Dataset records
▼▼▼
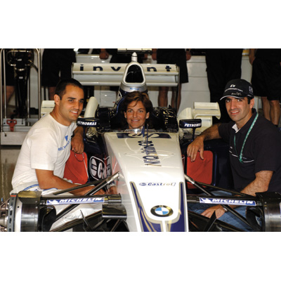 Juan Pablo Montoya BMW WilliamsF1 Team driver 2003 Marc Gene BMW WilliamsF1 Team test driver 2003 and Arancxa Sanchez Vicario
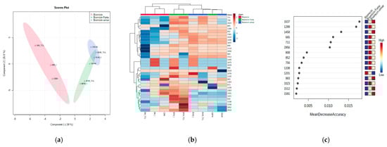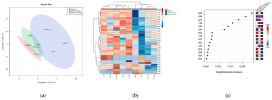 Partial least squares with discriminant analysis (PLSDA) score plot (a), heatmap (b), and RF ranking analysis (c) of microencapsulated products Biomicin, Biomicin Forte, and Biomicin urinary using maltodextrin (M) as a matrix, at the initial stage (I), after light irradiation at room temperature (TCL), and after inclusion in biopolymer capsules (C). For abbreviations, see Materials and Methods.
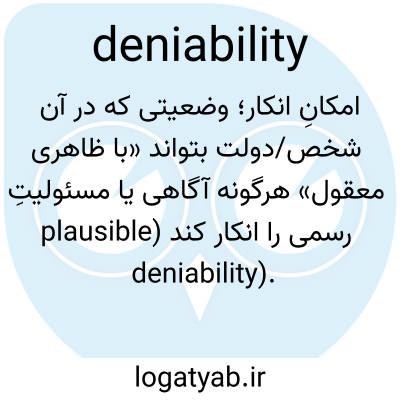 📌 توانایی انکار چیزی، مانند آگاهی از یا ارتباط با یک فعالیت غیرقانونی.
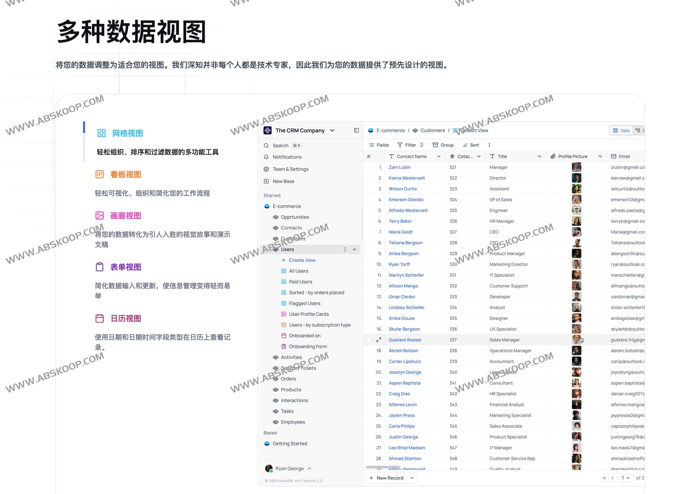 用户既可以自建数据库,也能使用 NocoDB Cloud 云端服务,轻松管理数百万行数据。平台提供网格、看板、画廊、表单、日历等多种视图,实现灵活的数据展示与交互。
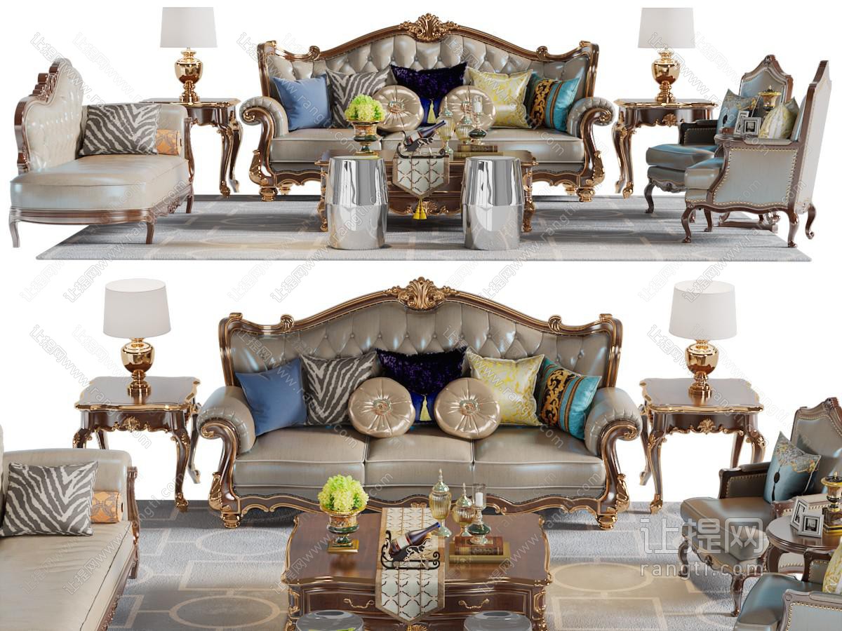 欧式雕花多人沙发、贵妃椅和茶几组合3d模型
▲▲▲
ASSIGNMENT: Begin at the line with "Partial least squares" and end at the last line of the data above. Reproduce those lines exactly, but not the pictures.

ANSWER BOX:
 Partial least squares with discriminant analysis (PLSDA) score plot (a), heatmap (b), and RF ranking analysis (c) of microencapsulated products Biomicin, Biomicin Forte, and Biomicin urinary using maltodextrin (M) as a matrix, at the initial stage (I), after light irradiation at room temperature (TCL), and after inclusion in biopolymer capsules (C). For abbreviations, see Materials and Methods.
 📌 توانایی انکار چیزی، مانند آگاهی از یا ارتباط با یک فعالیت غیرقانونی.
 用户既可以自建数据库,也能使用 NocoDB Cloud 云端服务,轻松管理数百万行数据。平台提供网格、看板、画廊、表单、日历等多种视图,实现灵活的数据展示与交互。
 欧式雕花多人沙发、贵妃椅和茶几组合3d模型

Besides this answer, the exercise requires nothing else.